Dimple is produced by Haig, which is now owned by giant Diageo. The first Dimple whisky was distilled in 1890, and about three years after this the distinctive Dimple bottle was introduced. This whisky is a blend of over 30 malt and grain whiskies that are a minimum 15 years of age.  Some online research reveals (though, this does not appear on the official website of Diageo but rather reputable retailers) that this blend is based on Glenkinchie. I am not a fan of the Glenkinchie single malt, so, combined with the reviews I have read, my expectations of this whisky are low. 

Nose

Smooth and soft, this whisky has cereal and soft fruit at its core. Pear and cooked apple drift up with sponge cake, corn and porridge. The sharpness of chardonnay cuts through the subtlety of walnuts. Keeping with the sweet theme, the smell of lemon meringue and honey gets my attention. 

Taste

Bitter orange strikes my tongue immediately, with notes of sweet honey. Initially a little dull, the intensity of flavor slowly builds up. This whisky has a spicy and fruity clout in the middle of the tasting that fades and is overtaken by a dry smokiness and hints of wood.  

Finish 

The flavor of this whisky remains on my tongue for about a minute and 15 seconds after swallowing, quickly fading after that. This is pretty good! A few reviews say that the finish is short lived, but my tasting of this whisky reveals a whisky with a fine finish.  

Overall 

This whisky is initially quite dull. Be patient! Savour it, let it swirl in your mouth, and this whisky will deliver a brilliantly complex flavor in the middle of the tasting and in the finish. The flavor of this whisky builds up after hitting the tongue. It is wonderfully smooth, and a great whisky for blend drinkers to unpack. 

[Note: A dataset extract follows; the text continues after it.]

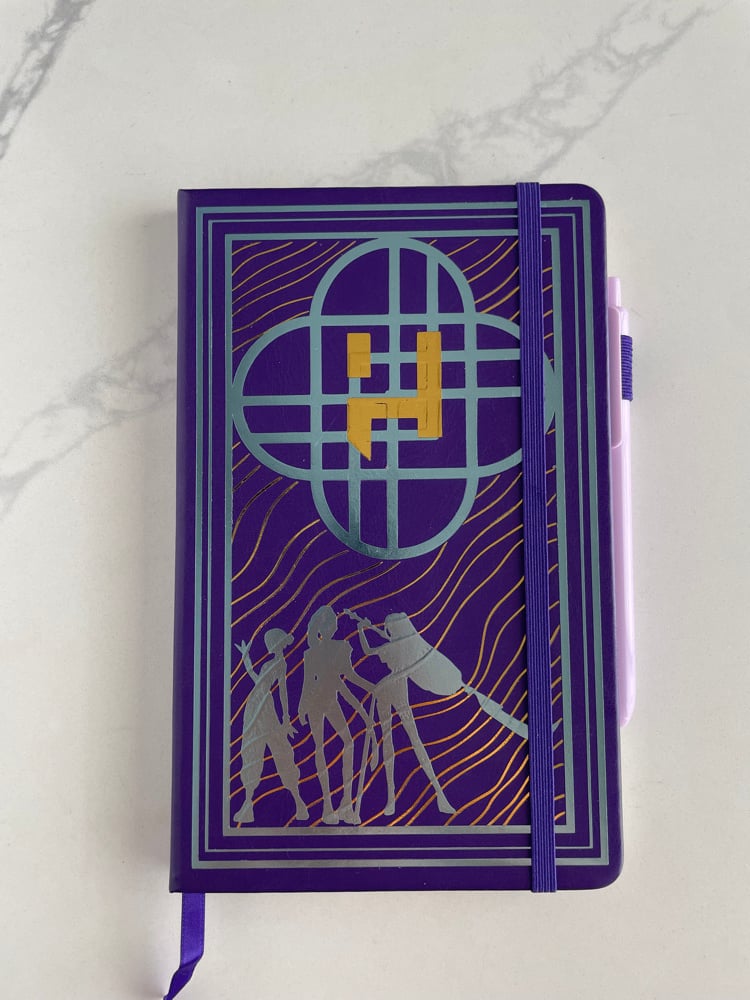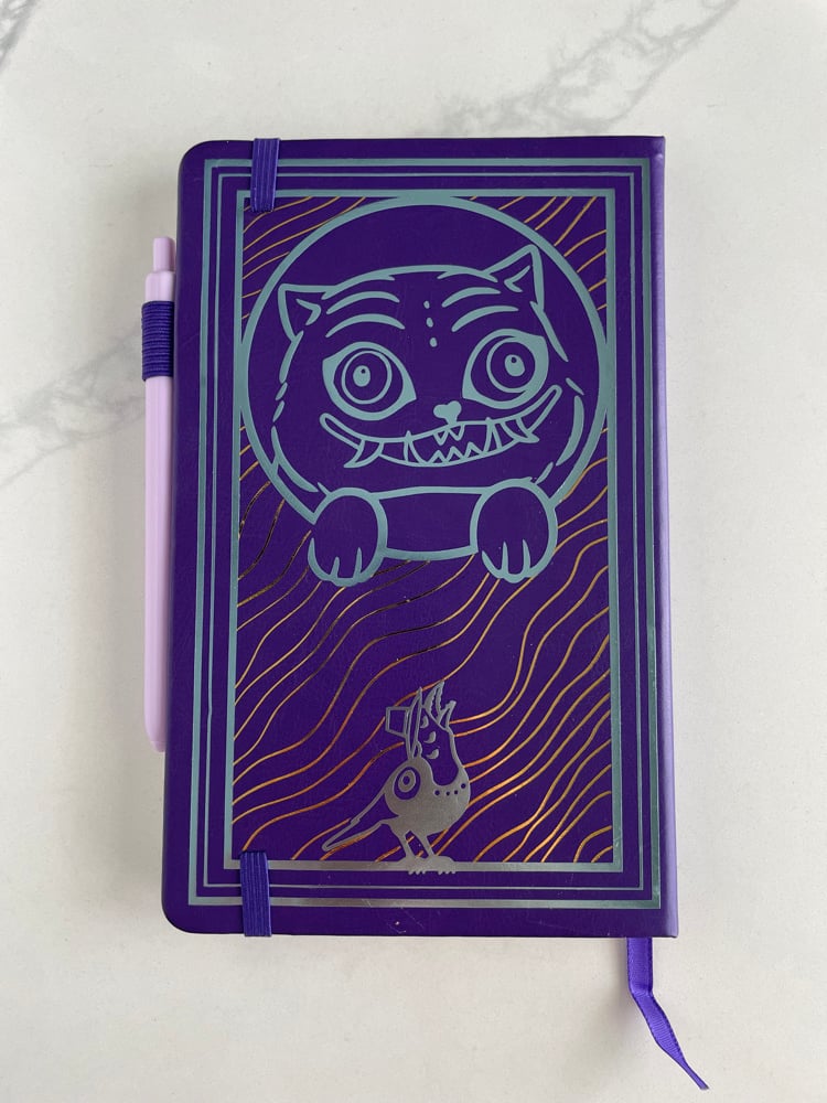 Hardcover journal with 128 lined pages for notetaking, journaling, whatever your heart desires. Cover is faux leather with foil design and the interior includes inner pocket and a ribbon bookmark. Comes with a black ink pen.

I do not agree with some online reviews about this whisky. Yes, it starts a little lifeless and boring but then, with some patient swirling, it delivers an energetic charge of citrus flavours that gradually give way (but not completely) to dry smokiness and wood; this offers great depth and complexity. The finish is excellent.

I think this whisky will start to climb up my favourites list as we get to know each other a little better!